## EXERCISE REQUIREMENTS
In the entries that follow, the line with "Le cabochon est" opens the range and the line with "Roman education emphasized" closes it; repeat that range exactly, both lines included.

## EXERCISE INPUTS

┌────────

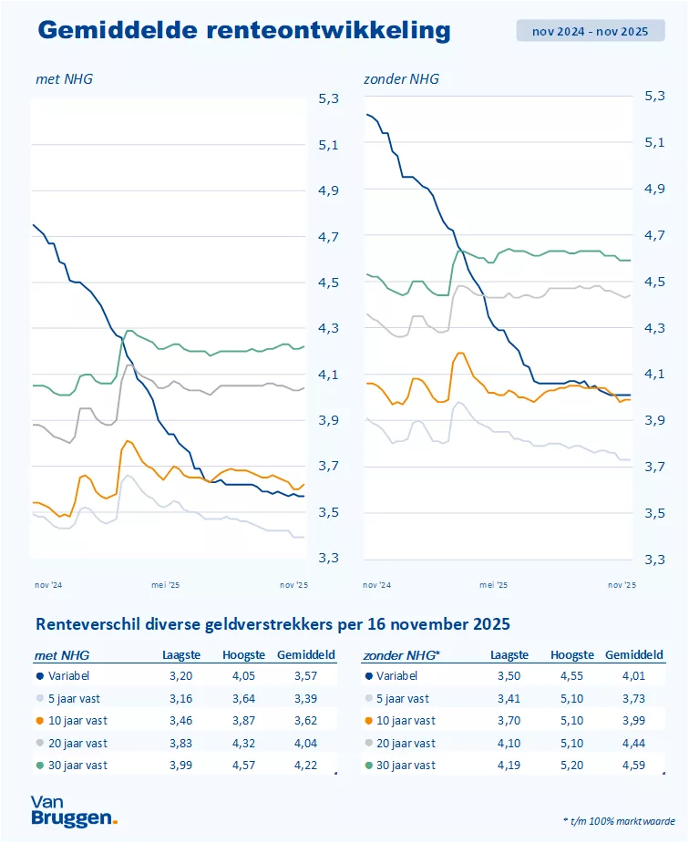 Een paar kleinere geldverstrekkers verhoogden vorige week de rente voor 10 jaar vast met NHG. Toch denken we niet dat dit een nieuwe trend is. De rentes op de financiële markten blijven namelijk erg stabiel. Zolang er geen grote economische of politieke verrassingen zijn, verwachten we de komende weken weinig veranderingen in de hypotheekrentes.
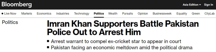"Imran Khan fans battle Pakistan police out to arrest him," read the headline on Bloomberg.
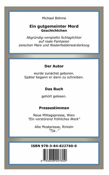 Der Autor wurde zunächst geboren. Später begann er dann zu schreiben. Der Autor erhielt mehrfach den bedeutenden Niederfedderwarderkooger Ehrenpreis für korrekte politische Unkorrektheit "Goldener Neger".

└────────
┌────────

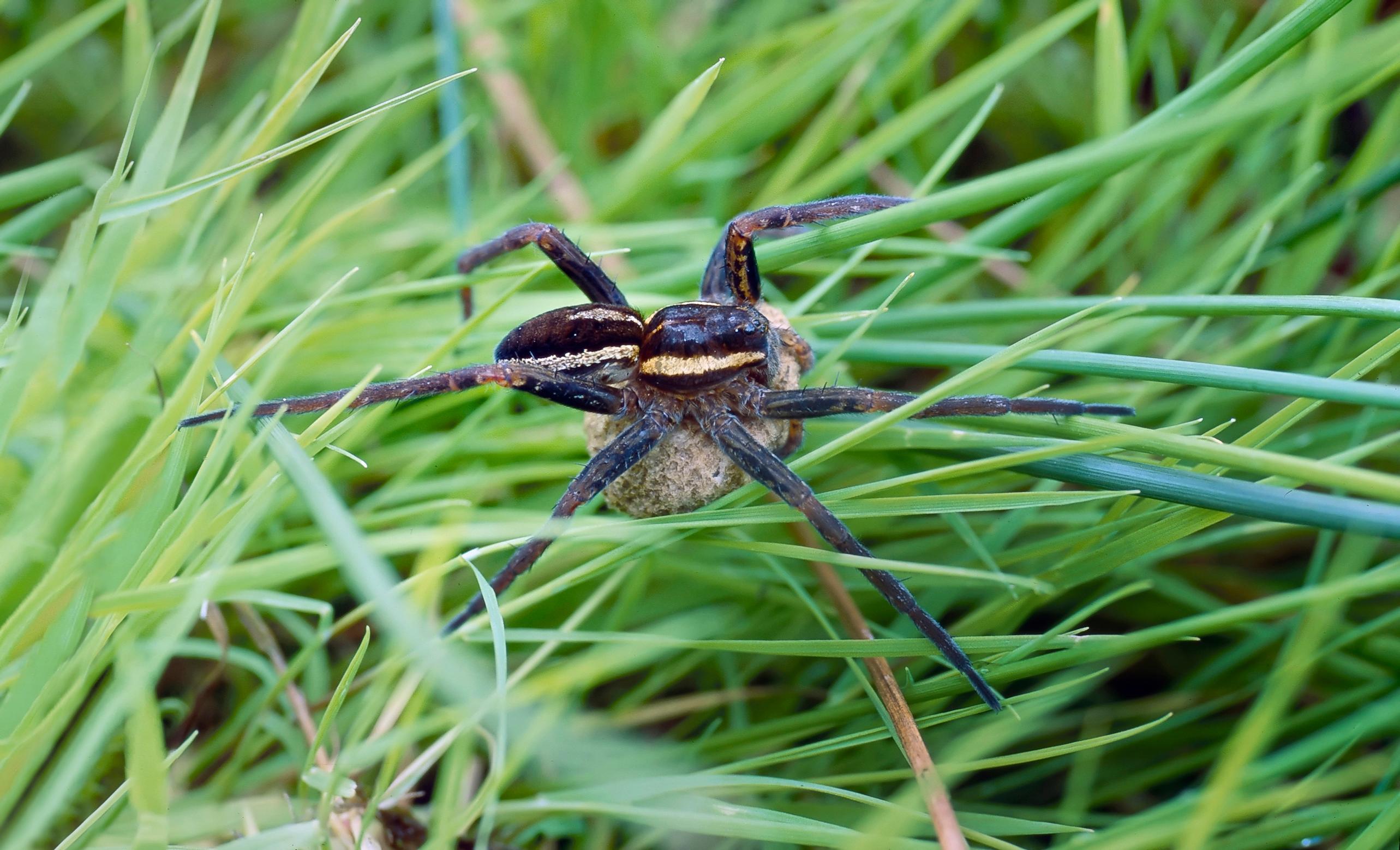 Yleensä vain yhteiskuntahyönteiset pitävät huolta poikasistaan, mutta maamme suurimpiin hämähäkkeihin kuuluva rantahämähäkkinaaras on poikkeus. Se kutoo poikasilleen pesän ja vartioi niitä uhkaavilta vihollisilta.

└────────
┌────────

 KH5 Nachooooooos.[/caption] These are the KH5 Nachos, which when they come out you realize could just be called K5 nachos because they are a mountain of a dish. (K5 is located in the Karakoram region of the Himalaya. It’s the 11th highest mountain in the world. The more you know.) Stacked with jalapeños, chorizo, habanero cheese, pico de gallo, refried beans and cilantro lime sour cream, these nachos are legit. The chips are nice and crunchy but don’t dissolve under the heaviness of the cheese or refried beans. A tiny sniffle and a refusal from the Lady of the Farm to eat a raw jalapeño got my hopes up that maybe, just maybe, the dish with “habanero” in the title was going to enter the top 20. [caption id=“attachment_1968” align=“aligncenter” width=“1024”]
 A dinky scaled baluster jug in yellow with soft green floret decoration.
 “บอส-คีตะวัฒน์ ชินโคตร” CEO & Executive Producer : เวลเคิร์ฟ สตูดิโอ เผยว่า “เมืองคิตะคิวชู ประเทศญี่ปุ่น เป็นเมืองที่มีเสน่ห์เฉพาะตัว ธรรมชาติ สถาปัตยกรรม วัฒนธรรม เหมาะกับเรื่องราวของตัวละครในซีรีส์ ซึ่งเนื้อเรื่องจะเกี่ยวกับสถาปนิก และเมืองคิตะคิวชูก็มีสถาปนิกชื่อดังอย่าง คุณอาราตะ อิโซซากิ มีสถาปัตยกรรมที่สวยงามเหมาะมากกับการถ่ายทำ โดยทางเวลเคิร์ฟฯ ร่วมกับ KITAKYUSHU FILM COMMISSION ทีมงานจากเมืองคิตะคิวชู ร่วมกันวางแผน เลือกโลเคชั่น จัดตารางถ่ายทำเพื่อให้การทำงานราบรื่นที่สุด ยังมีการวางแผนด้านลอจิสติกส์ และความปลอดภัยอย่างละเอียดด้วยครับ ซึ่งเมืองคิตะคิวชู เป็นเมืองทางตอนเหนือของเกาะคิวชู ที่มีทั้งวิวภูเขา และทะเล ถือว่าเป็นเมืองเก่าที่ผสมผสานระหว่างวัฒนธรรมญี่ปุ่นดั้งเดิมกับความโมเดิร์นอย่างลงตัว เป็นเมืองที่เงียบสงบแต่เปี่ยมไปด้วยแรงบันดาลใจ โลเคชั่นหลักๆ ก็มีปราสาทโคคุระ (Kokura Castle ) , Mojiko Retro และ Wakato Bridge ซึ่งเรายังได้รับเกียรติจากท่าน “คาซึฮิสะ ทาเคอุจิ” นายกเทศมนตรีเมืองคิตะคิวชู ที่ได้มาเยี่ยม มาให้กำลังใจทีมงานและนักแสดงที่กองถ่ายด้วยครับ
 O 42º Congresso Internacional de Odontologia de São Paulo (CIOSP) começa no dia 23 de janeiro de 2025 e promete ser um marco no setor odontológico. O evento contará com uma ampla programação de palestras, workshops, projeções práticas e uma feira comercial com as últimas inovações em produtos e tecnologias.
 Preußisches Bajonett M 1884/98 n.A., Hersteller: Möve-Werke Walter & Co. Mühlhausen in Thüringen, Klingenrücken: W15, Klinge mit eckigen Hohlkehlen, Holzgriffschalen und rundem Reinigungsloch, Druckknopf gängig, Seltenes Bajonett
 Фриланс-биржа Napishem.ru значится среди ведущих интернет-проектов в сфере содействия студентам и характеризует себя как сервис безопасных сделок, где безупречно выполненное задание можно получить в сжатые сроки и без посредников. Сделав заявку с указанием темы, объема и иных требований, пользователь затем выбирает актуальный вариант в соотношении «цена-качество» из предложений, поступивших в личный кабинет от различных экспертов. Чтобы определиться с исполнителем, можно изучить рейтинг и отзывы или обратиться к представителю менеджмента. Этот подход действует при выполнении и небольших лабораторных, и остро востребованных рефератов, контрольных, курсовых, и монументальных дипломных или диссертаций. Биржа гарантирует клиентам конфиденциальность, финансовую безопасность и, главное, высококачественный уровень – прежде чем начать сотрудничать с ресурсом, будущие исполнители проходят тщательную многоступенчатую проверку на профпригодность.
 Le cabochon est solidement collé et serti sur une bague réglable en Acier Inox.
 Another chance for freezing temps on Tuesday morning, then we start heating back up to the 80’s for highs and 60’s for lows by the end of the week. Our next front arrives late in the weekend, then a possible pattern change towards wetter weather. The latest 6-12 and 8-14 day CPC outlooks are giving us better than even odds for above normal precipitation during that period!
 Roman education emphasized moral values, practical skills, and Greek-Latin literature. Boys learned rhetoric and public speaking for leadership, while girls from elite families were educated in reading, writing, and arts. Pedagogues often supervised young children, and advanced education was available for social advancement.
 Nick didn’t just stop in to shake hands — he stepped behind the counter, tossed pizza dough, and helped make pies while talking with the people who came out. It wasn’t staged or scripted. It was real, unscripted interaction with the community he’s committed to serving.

└────────

## YOUR RESPONSE
 Le cabochon est solidement collé et serti sur une bague réglable en Acier Inox.
 Another chance for freezing temps on Tuesday morning, then we start heating back up to the 80’s for highs and 60’s for lows by the end of the week. Our next front arrives late in the weekend, then a possible pattern change towards wetter weather. The latest 6-12 and 8-14 day CPC outlooks are giving us better than even odds for above normal precipitation during that period!
 Roman education emphasized moral values, practical skills, and Greek-Latin literature. Boys learned rhetoric and public speaking for leadership, while girls from elite families were educated in reading, writing, and arts. Pedagogues often supervised young children, and advanced education was available for social advancement.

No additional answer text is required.